Data to use: Begin

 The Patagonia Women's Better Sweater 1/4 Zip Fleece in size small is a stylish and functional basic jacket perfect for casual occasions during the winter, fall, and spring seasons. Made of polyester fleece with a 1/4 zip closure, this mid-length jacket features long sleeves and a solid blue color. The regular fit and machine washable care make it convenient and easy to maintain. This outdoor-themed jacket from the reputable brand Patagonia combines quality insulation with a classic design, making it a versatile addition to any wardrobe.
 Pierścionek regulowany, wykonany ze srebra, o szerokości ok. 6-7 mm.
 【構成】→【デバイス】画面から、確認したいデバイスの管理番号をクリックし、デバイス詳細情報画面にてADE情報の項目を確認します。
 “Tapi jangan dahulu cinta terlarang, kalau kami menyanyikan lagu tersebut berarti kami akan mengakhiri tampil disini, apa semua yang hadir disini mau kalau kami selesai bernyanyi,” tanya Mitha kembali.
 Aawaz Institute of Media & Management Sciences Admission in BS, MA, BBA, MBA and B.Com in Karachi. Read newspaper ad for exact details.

Data to use: End
Data to use: Begin

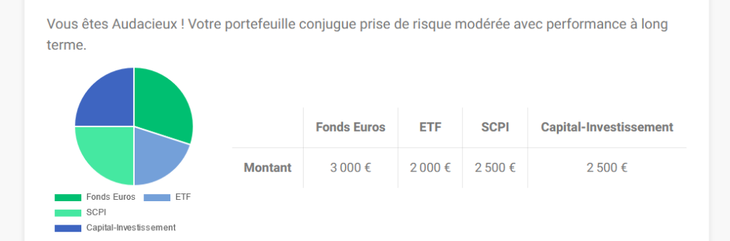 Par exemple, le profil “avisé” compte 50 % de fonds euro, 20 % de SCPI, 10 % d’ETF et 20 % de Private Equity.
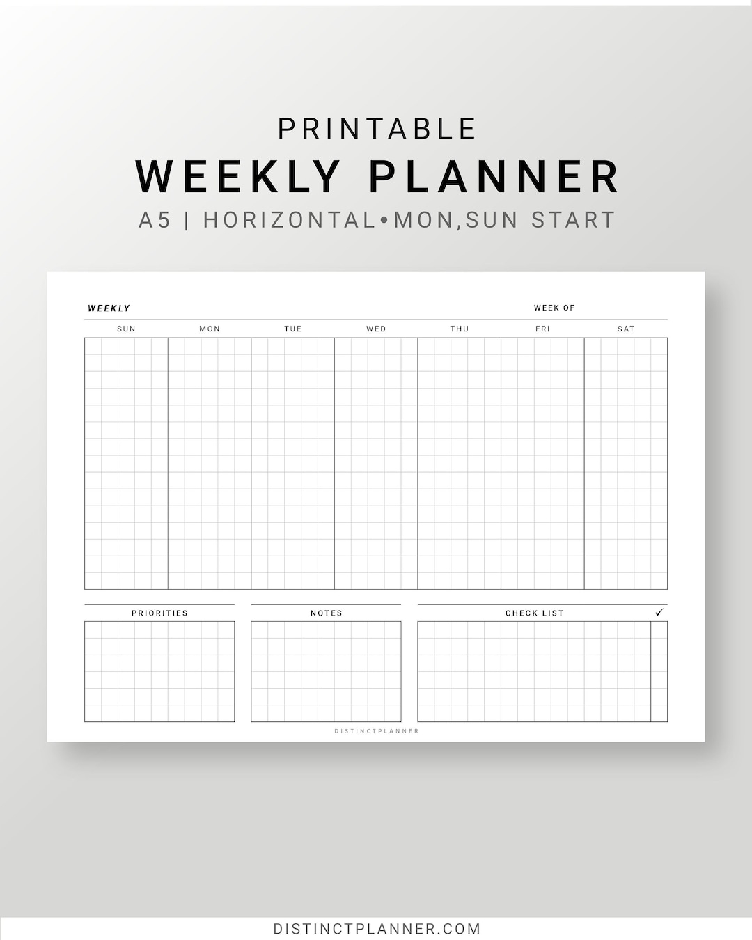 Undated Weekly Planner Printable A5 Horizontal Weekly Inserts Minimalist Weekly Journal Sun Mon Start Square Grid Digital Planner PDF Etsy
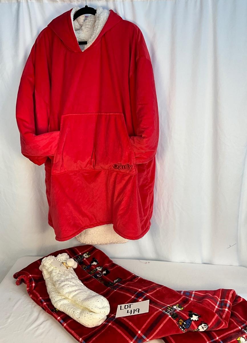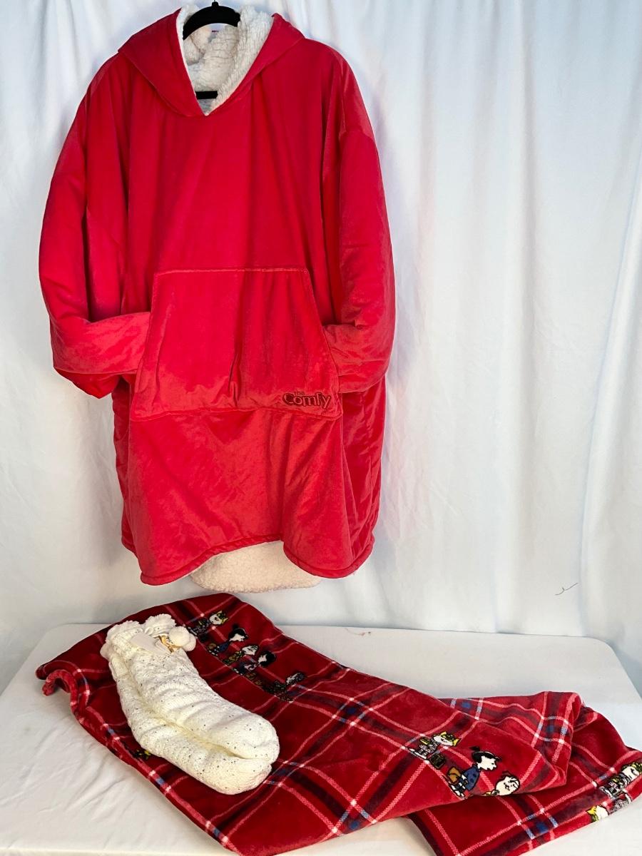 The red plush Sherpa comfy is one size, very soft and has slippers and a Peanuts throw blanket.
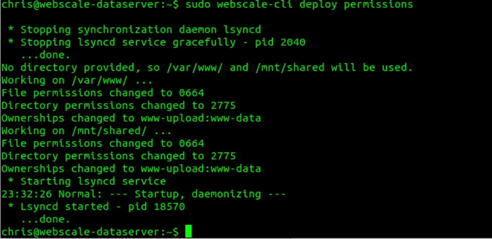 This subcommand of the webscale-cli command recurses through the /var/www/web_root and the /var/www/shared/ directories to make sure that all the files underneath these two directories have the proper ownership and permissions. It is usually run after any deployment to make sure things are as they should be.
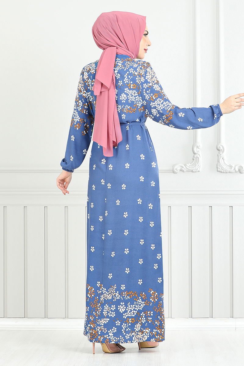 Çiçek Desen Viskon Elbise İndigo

Data to use: End
Data to use: Begin

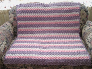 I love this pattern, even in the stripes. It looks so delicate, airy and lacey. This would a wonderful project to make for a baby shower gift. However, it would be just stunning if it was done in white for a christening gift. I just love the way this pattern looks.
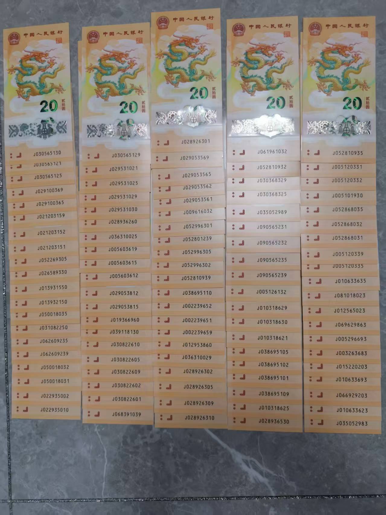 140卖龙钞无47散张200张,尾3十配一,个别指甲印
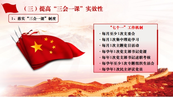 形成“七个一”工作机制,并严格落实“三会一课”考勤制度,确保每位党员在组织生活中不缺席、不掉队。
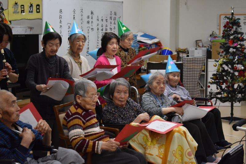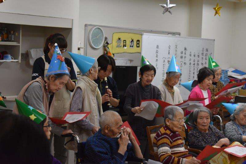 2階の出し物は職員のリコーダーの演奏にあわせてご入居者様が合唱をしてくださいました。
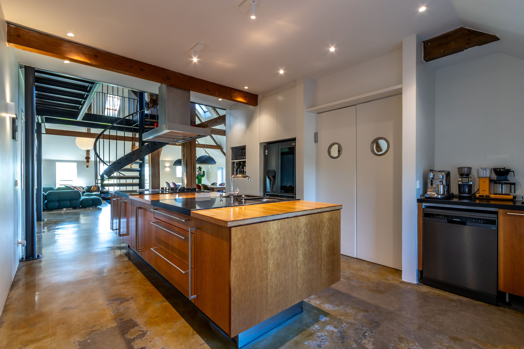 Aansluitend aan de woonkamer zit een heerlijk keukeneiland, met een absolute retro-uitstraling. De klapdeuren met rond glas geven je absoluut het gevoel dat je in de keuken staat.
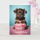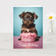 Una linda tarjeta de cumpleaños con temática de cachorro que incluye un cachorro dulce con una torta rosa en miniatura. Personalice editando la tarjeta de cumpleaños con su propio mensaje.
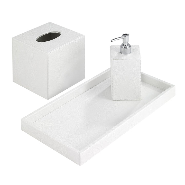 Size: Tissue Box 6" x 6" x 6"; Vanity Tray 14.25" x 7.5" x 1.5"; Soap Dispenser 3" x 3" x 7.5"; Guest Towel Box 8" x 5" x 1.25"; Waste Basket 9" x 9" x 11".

Data to use: End

Look back at the data above. Transcribe exactly the lines starting at the line that contains "Pierścionek regulowany, wykonany" and ending at the line that contains "Aawaz Institute of".

Result of the exercise:
 Pierścionek regulowany, wykonany ze srebra, o szerokości ok. 6-7 mm.
 【構成】→【デバイス】画面から、確認したいデバイスの管理番号をクリックし、デバイス詳細情報画面にてADE情報の項目を確認します。
 “Tapi jangan dahulu cinta terlarang, kalau kami menyanyikan lagu tersebut berarti kami akan mengakhiri tampil disini, apa semua yang hadir disini mau kalau kami selesai bernyanyi,” tanya Mitha kembali.
 Aawaz Institute of Media & Management Sciences Admission in BS, MA, BBA, MBA and B.Com in Karachi. Read newspaper ad for exact details.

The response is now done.